Join Australia's most dynamic and respected property investment community
  1. coops__

    coops__ Member

    Joined:
    1st Jul, 2015
    Posts:
    17
    Location:
    Brisbane, Qld
    Whilst I realise this question needs professional advice, I'm hoping someone can give a brief answer to what happens in this situation. A block of land was purchased by a member of my family prior to Sept 1985. In approx 1987, residential units were built on that land and they have been rented out for the last 20 years. If those units are now to be sold I am assuming that the Land component would be CGT free and the Building component would be subject to CGT. If that is correct, how is the Capital Gain apportioned between the land and the building?
     
  2. DaveA__

    DaveA__ Well-Known Member

    Joined:
    1st Jul, 2015
    Posts:
    580
    Location:
    Sydney, NSW
    id imagine it would all be cgt free.... i believe it is but cant be bothered looking it up in the tax legisation next to me

    ie if you had a house from pre 85 and knocked it down and replaced it with something i think it would still be cgt free...

    but always ask a professional
     
  3. taxstar

    taxstar Member

    Joined:
    1st Jul, 2015
    Posts:
    23
    Location:
    Sydney, NSW
    The new building may be a seperate CGT asset, if you exceed the investment thresholds for improving pre-CGT assets or the amount attributed to the building is more then 5% of the proceeds (which is likely).

    There is a basic guide on the ato website at

    Separate assets for CGT purposes

    I terms of apportionment - You will need to do this on a reasonable basis. What does that mean? It means when the ATO asks you how you apportioned the proceeds, the mythical Reasonable Person would agree that it was OK.

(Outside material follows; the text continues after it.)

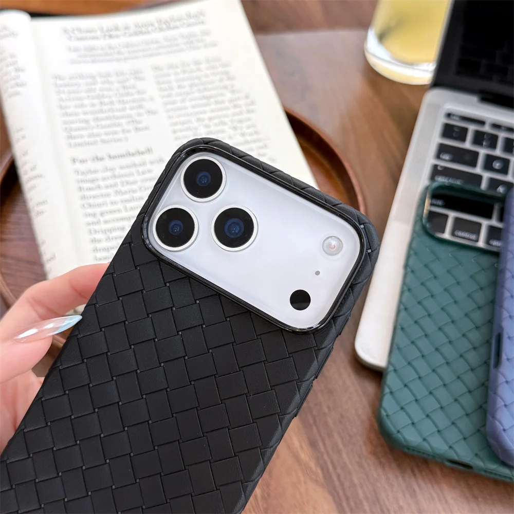Braided Textured Phone Case for IPhone 17 AIR 16E 15 14 Plus 13 12 11 Pro Max Liquid Silicone Knitted Pattern Breathable Cover

    I have just looked into this area so you can send me a private message if you need more help.
     
  4. taxstar

    taxstar Member

    Joined:
    1st Jul, 2015
    Posts:
    23
    Location:
    Sydney, NSW
    I believe your house would be a seperate asset, but if you live in the house for the whole time, then you could rely on the Principal Place of Residence Exemption, rather than the Pre-CGT status of the property.
     
  5. coops__

    coops__ Member

    Joined:
    1st Jul, 2015
    Posts:
    17
    Location:
    Brisbane, Qld
    Thanks for your thoughts on this Taxstar. I had found that section on the ATO website at the weekend and was amazed at how vague it was. Will send you a PM once I have all the facts.
     
  6. Rob G

    Rob G Well-Known Member

    Joined:
    16th Oct, 2015
    Posts:
    966
    Location:
    Melbourne
    Take AAAALLLLL evidence of costs to your Accountant to establish as large a cost base as possible.

    Yes ... 20 years of paperwork, including the cost of every light globe or newspaper vacancy ad !!!

    Also any building allowances claimed - which will reduce the cost base !!

    Jack up the cost of the buildings as much as possible & get the best valuation of the land as possible.

    CGT - a simple concept turned into an unworkable practice.

    Cheers,

    Rob
     
  7. coops__

    coops__ Member

    Joined:
    1st Jul, 2015
    Posts:
    17
    Location:
    Brisbane, Qld
    Thanks Rob - what a nightmare !! Sounds like the land valuation will be critical.